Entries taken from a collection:
☆ ☆ ☆ ☆ ☆

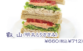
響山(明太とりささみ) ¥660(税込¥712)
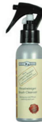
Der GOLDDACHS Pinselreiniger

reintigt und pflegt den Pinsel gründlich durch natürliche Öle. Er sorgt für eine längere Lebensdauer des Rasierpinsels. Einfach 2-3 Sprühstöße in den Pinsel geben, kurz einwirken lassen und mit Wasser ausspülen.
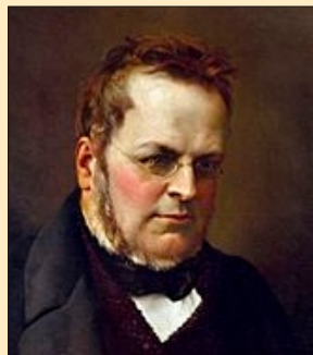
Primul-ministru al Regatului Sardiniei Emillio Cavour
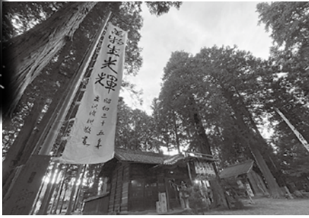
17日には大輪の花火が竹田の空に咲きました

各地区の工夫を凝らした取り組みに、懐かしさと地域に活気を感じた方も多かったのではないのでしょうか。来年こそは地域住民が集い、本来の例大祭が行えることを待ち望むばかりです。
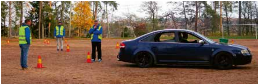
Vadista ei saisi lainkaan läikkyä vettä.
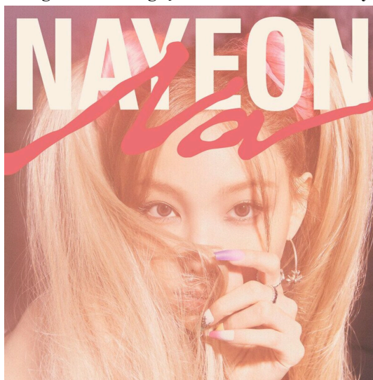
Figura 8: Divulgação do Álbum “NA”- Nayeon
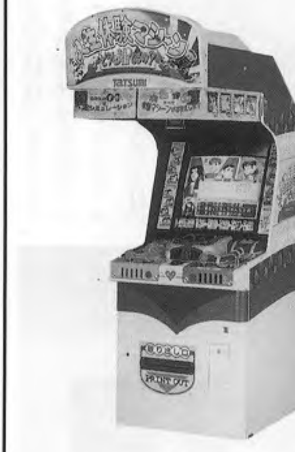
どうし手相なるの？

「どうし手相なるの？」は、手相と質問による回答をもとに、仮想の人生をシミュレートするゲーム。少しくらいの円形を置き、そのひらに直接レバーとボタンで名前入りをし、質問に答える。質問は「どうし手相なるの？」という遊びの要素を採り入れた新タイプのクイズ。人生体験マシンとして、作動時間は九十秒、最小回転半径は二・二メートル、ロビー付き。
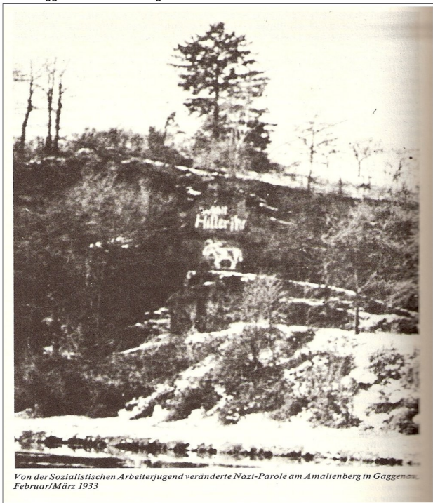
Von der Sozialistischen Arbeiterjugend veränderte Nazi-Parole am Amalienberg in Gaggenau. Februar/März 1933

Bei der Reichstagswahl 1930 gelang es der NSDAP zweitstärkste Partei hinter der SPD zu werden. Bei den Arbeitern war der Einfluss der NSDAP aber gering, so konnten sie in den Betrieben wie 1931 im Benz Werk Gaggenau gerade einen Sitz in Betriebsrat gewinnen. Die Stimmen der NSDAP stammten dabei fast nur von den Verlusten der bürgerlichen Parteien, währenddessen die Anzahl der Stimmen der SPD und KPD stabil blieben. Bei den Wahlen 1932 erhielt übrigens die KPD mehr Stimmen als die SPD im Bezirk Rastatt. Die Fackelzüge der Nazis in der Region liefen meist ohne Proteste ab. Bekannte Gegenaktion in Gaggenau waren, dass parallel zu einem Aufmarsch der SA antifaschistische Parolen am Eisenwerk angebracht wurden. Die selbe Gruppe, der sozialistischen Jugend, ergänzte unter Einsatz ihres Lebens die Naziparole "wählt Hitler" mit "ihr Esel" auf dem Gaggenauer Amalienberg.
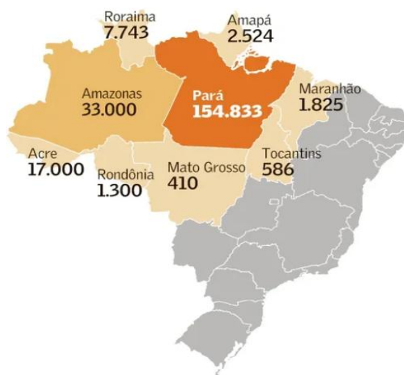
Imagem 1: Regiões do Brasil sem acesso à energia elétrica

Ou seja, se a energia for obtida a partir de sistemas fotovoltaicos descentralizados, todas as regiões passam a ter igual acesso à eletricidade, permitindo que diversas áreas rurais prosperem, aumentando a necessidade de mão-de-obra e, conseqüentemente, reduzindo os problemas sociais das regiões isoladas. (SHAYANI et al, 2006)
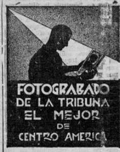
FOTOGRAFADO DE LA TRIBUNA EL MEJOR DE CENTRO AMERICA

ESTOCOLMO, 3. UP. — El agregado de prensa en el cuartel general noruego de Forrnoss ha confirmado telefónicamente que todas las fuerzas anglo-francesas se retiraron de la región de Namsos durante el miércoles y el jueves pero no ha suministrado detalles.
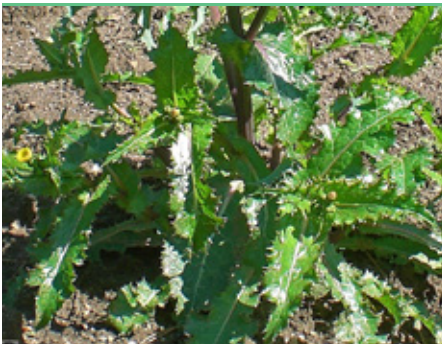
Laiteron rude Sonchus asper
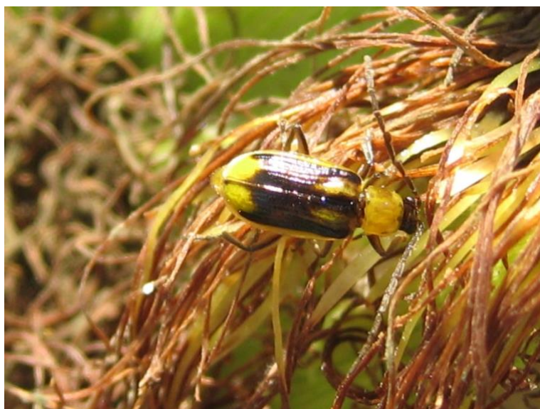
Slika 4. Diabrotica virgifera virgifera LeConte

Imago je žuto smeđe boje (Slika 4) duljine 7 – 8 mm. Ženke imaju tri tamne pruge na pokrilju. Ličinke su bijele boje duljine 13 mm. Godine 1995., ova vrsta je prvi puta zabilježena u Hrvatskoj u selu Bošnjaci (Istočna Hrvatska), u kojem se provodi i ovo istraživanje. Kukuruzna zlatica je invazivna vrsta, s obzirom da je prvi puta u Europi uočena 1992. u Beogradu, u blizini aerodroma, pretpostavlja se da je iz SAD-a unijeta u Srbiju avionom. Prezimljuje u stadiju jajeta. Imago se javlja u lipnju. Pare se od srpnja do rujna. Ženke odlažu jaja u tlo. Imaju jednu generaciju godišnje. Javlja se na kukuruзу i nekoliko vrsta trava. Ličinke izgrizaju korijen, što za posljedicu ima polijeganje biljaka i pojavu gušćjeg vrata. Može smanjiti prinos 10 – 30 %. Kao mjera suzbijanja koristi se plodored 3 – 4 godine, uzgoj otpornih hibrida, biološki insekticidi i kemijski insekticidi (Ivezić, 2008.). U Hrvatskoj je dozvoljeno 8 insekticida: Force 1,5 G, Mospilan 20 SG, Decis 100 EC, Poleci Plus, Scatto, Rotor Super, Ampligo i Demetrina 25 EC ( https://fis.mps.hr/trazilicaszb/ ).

☆ ☆ ☆ ☆ ☆

Work instructions: Going over every line of the entries, tally those containing the string "energia" and report only the figure.

Response: 2